– Ну что ж, дело сделано, можно и пообедать. – Микоян трет маленькие пухлые руки и поворачивается к столу.
– А разве вы не поели на заводе? – удивляется Зелен.
– Выпил рюмочку местной продукции за ударный труд твоих новомытлинцев и съел бутербродик с семгой. А обедать в чужих местах остерегаюсь. Мой повар хорошо готовит, и человек он проверенный… Сегодня у нас ушица из стерлядки и жареная индюшатина – присоединяйся.
– Спасибо, Анастас Иванович, я на заводе перекусил, а чайку с вами попью. Люблю четыре куска сахару класть, да перед людьми стыдно.
– Можешь и десять положить. Ты, Зелен, как член правительства рабоче-крестьянского государства находишься на гособеспечении.
Последние несколько дней Марина после института спешила домой. От прогулок с подругами отказывалась, проводила вечера в своей комнате. С мамой после того, как та влепила дочери пощечину, не разговаривала. Наталья Андреевна на следующее утро пыталась наладить в доме мир и, чувствуя свою вину, напекла любимых Марининых пирожков с джемом. Но дочь на мировую не шла, слишком уж обидело ее несправедливое подозрение.

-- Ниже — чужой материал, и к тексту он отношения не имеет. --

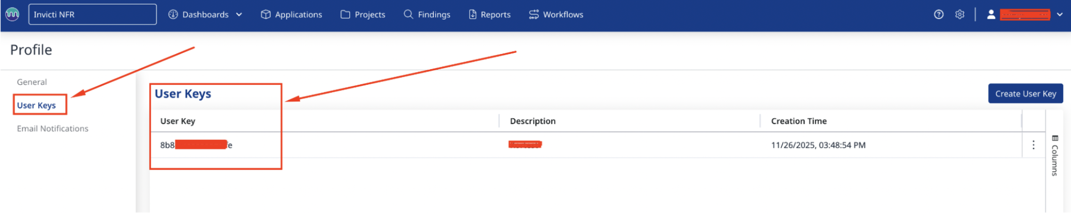 - Enter a meaningful description for the key (e.g., 'Invicti ASPM Integration' )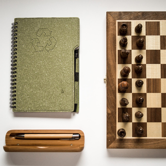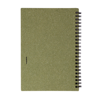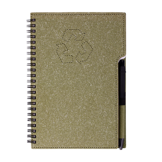 Eko notes w twardej oprawie z dołączonym długopisem w rozmiarze biurkowym (zbliżony do A5 lub większy). 70 kartek w linie (z perforacją), gramatura 70 g/m². Zarówno oprawa jak i papier wykonane zostały z surowców wtórnych. Nadają się one także do kolejnego przetworzenia. Korpus długopisu wykonany z tektury, klip, końcówka i przycisk wykonane z plastiku nadającego się do recyclingu, wkład w kolorze niebieskim. Notes posiada uchwyt na długopis.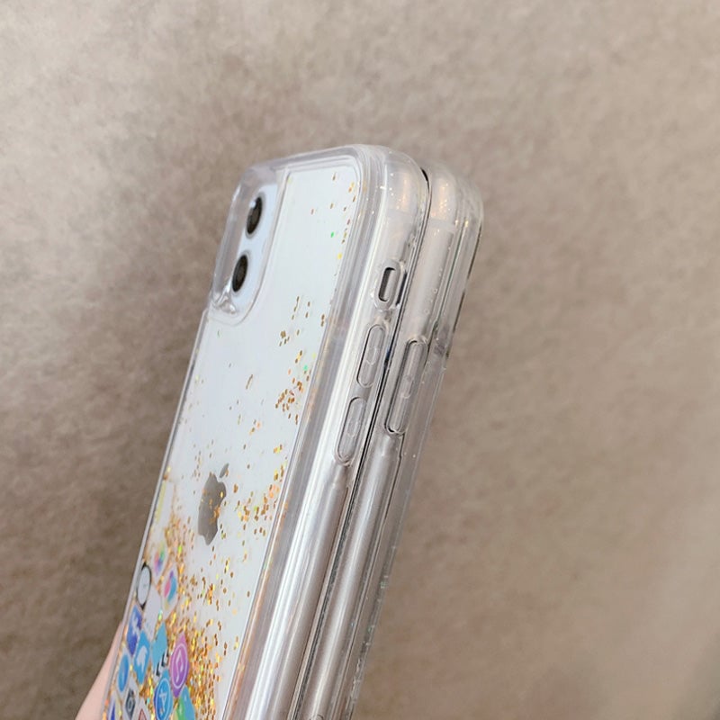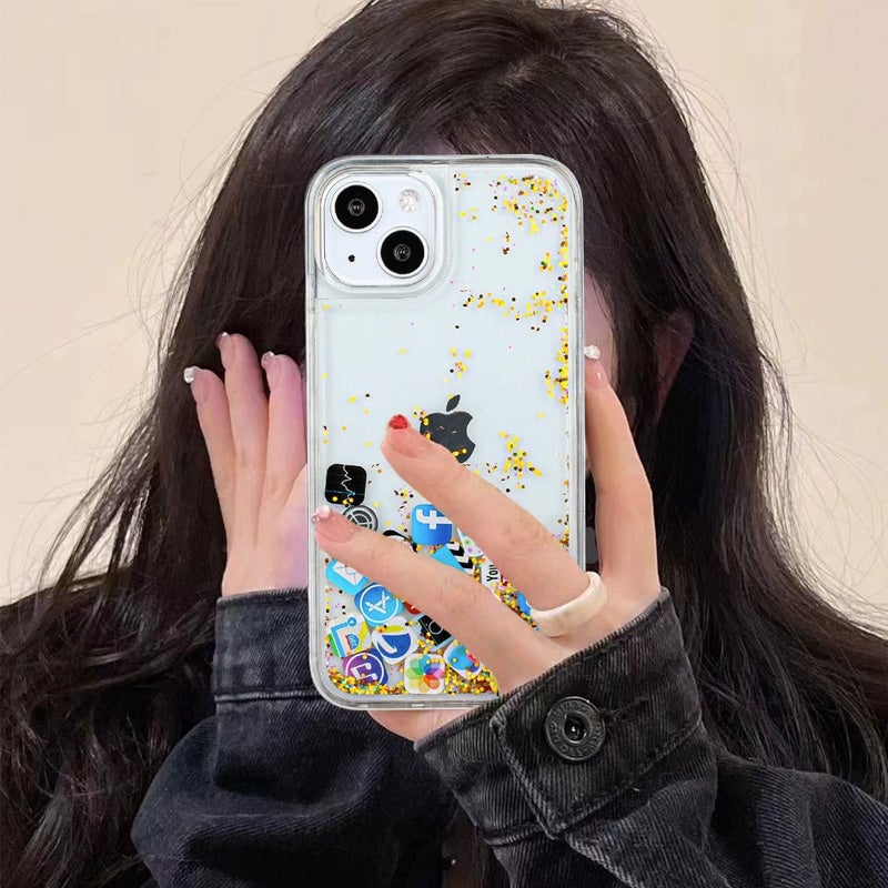 Unique Appearance Design Mobile phone case uses the current popular quicksand style, beautifully all kinds of mobile phone APP icons, as if the elements on the mobile phone screen cleverly transplanted to the mobile phone case, not only a sense of fashion full, but also show a unique personality charm, add a touch of different colours to the phone.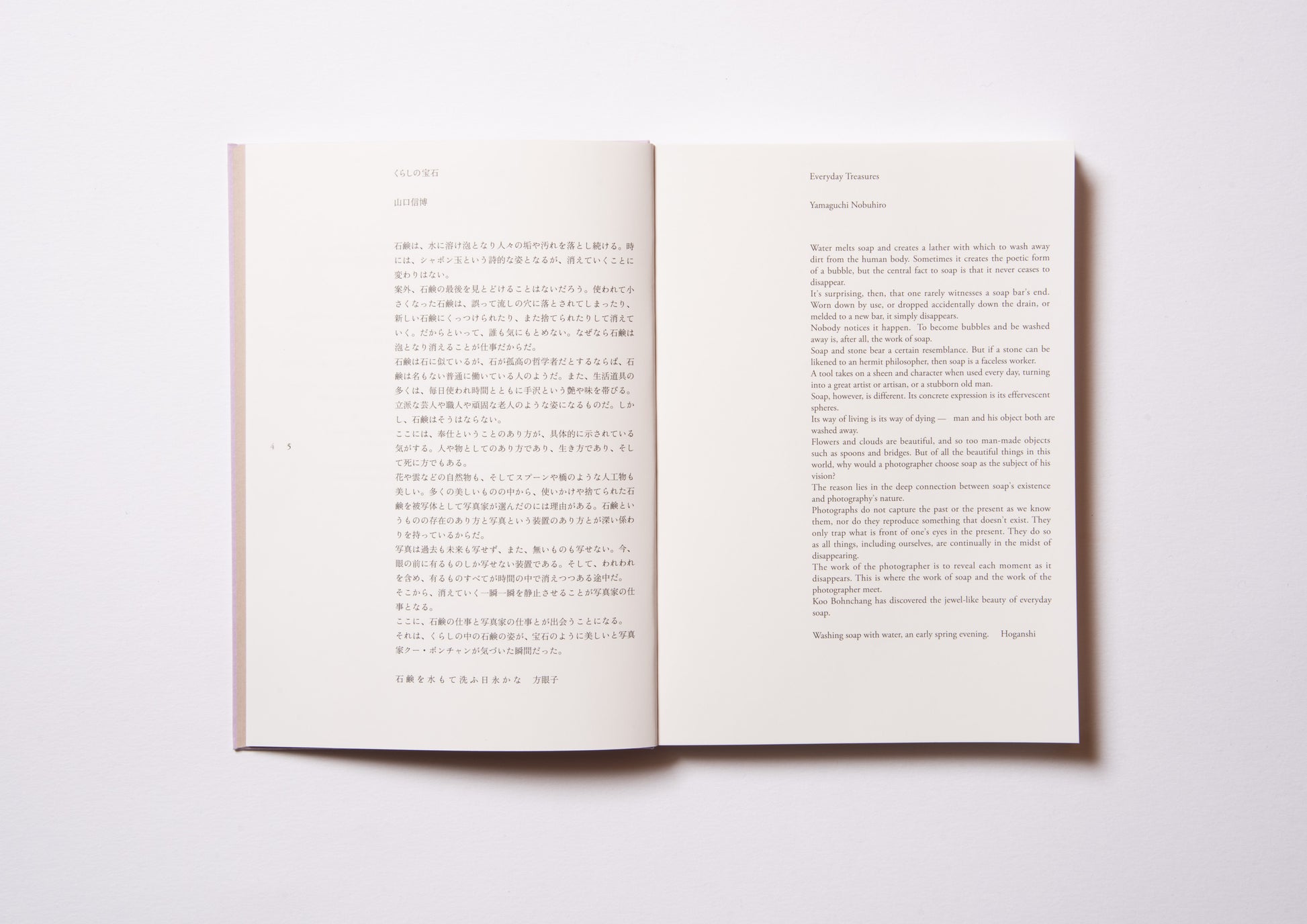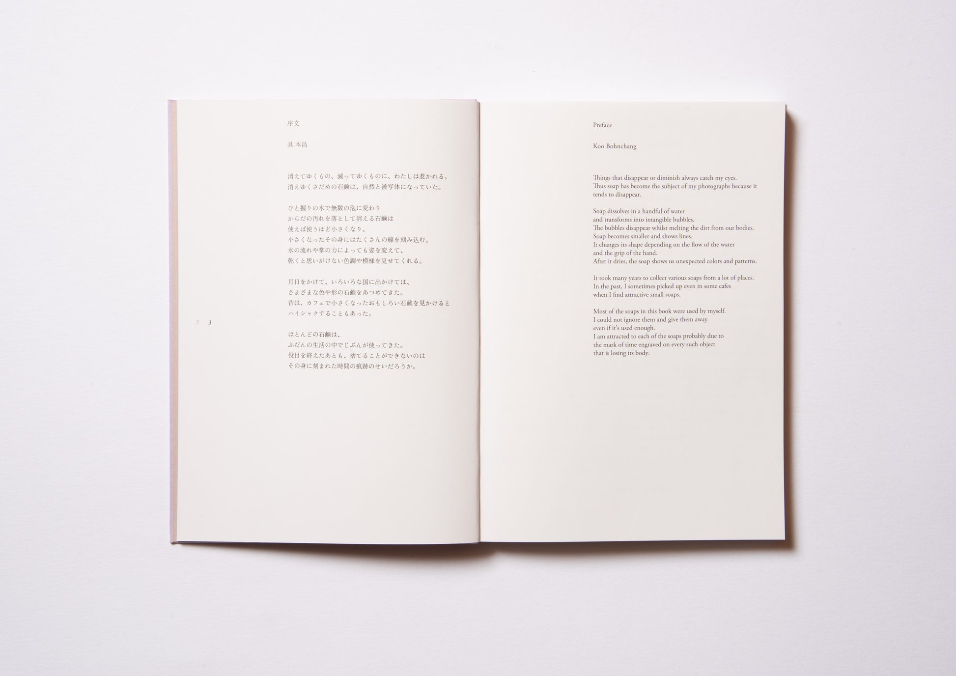 A collection of "half-used soap" photographed by Korea's leading photographer Koo Bon-chan as his life's work. For the first time in 16 years, the book has been republished with a new look and with major changes to the photos and structure. The 112-page text includes 52 photographic images and a preface by the author and the book's designer, Yamaguchi Nobuhiro. At the end of the book,Includes a chronology of photographer Koo Bonchan.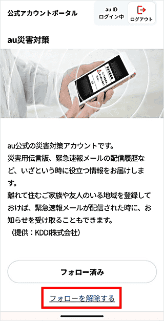 [フォローを解除する]をタップします。 以上で、公式アカウントの利用が停止されます。 ※一部のアカウントでは、フォロー解除後も一定期間メッセージが届くことがあります。
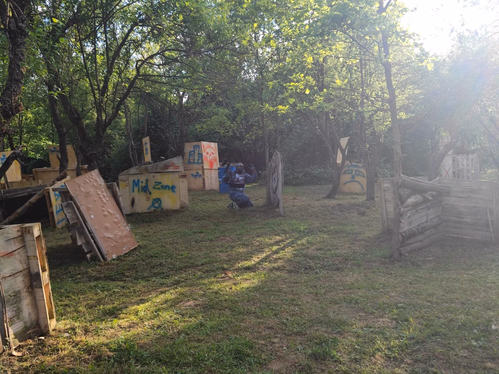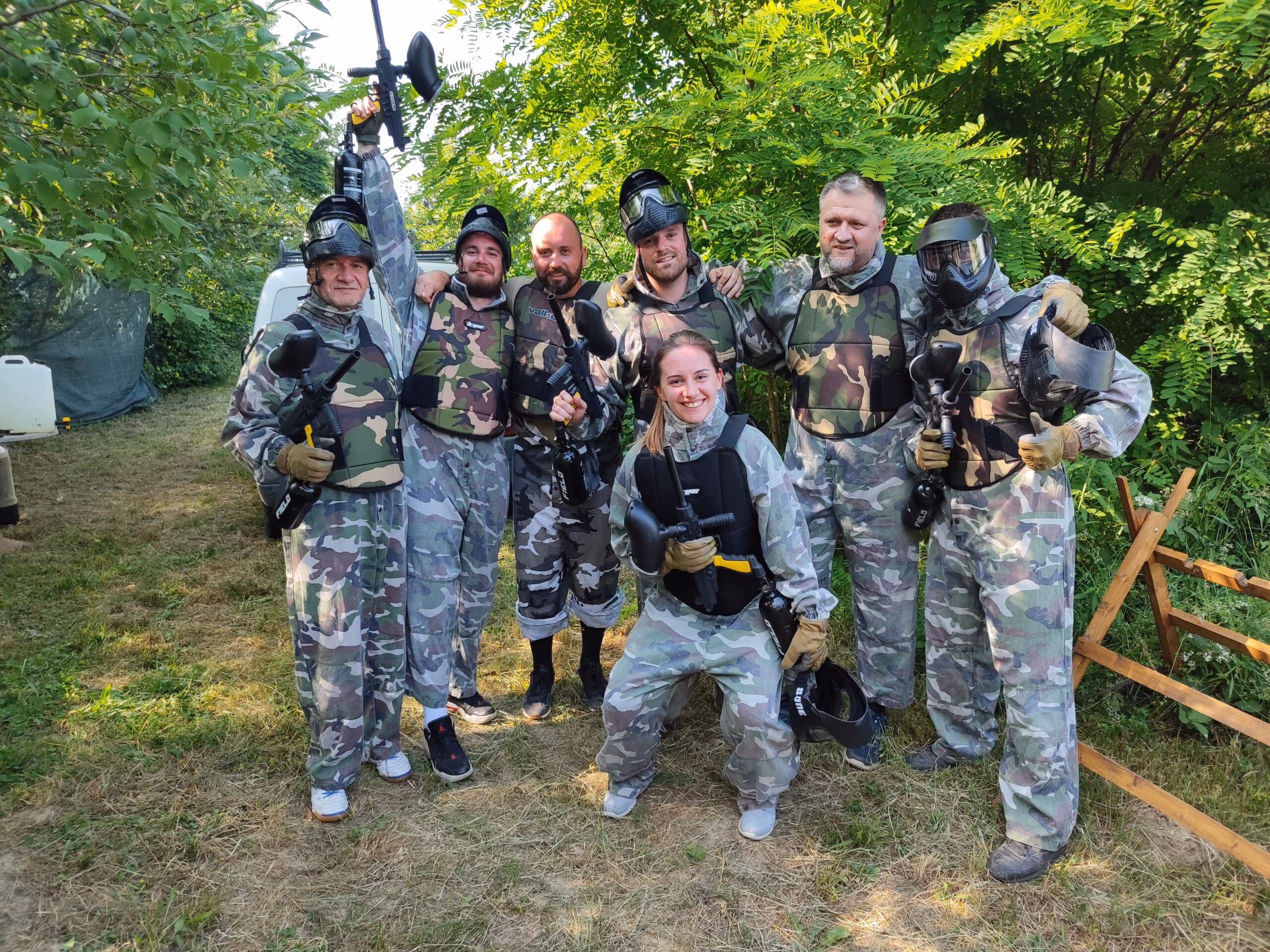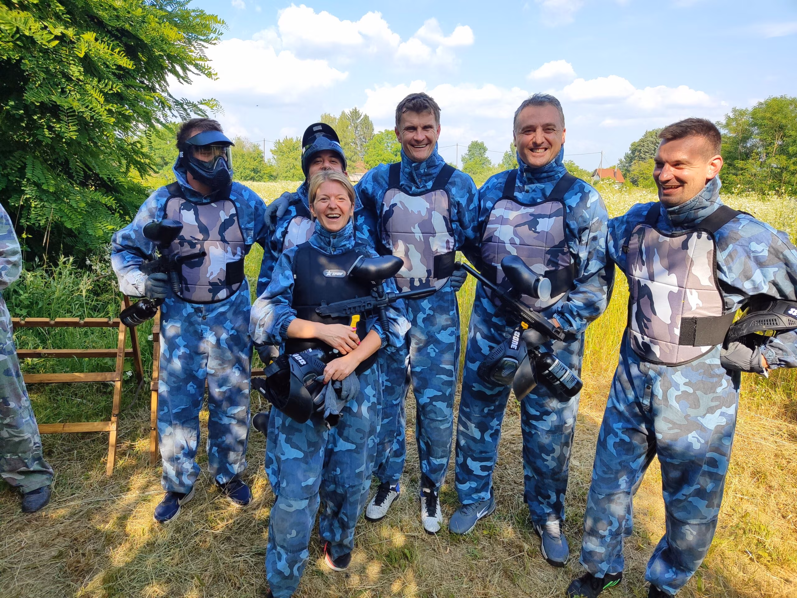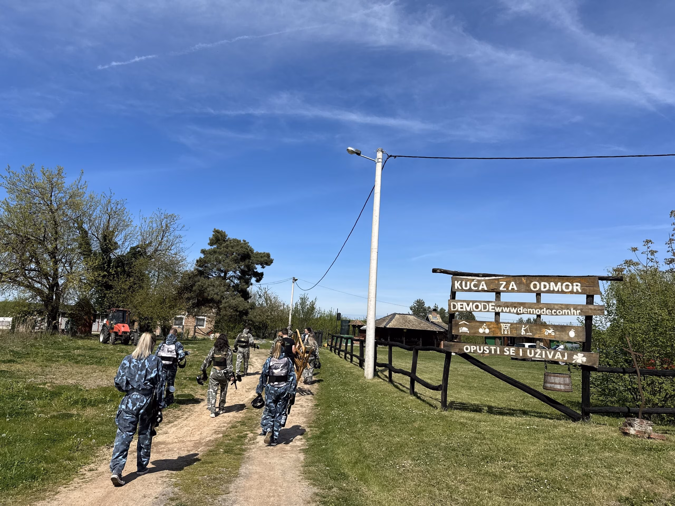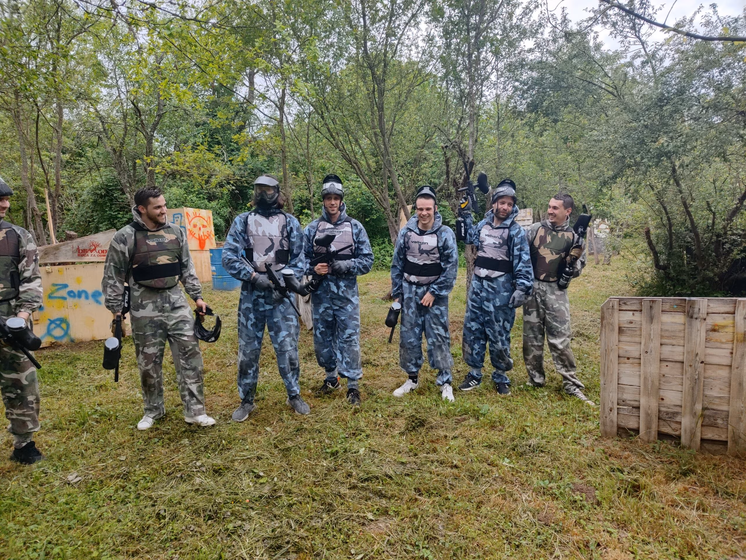 Paintball je adrenalinska timska igra koja se igra u prirodi na poligonu, smještenom direktno uz kuću za odmor Demode u selu Paučje. Teren je postavljen u starom šljiviku okruženom šumom — idealno za grupe koje žele nešto više od klasičnog izleta. Potrebno je minimalno 8 igrača, a najpopularnija kombinacija je 10 igrača podijeljenih u dva tima. Svaki igrač dobiva kompletnu zaštitnu opremu i 50 kuglica po rundi. Cijena iznosi 55 € po osobi i uključuje svu opremu, sudca i animatora. Termin traje između 3 i 4 sata ovisno o tempu igre — od prvog brifinga do zadnje runde i prepričavanja ratnih priča uz sjenicu. Cijene paintballa možete pogledati ovdje.

Сегодня все «двойки» закончились в четыре. Марина быстро собрала рюкзак и, ни с кем не попрощавшись, выбежала из аудитории. На улице пахло весной, чирикали воробьи. Но девушка первых робких «признаков весны не замечала. Шла к автобусной остановке, думая о своем. Со дня смерти Кости миновало меньше недели, а Марине казалось, что с тех пор прошла вечность. Что-то изменилось в мире и в самой девушке. Веселая любознательная студентка Сегунцова осталась за чертой прошлой жизни. Где прошла эта невидимая черта, девушка точно не знала. Возможно, с момента, когда она впервые заметила на похоронах Николая Спиридоновича двух странных парней. Потом эти парни, представившись Толиком и Виктором, преследовали ее. После страшного вечера с раненым Костей, после допроса в больнице и материнской пощечины Марина всю ночь не спала. В восемь утра позвонил Петр и сообщил, что Костя умер. Помолчал и добавил: «А этих больше не бойся. С ними мы разобрались».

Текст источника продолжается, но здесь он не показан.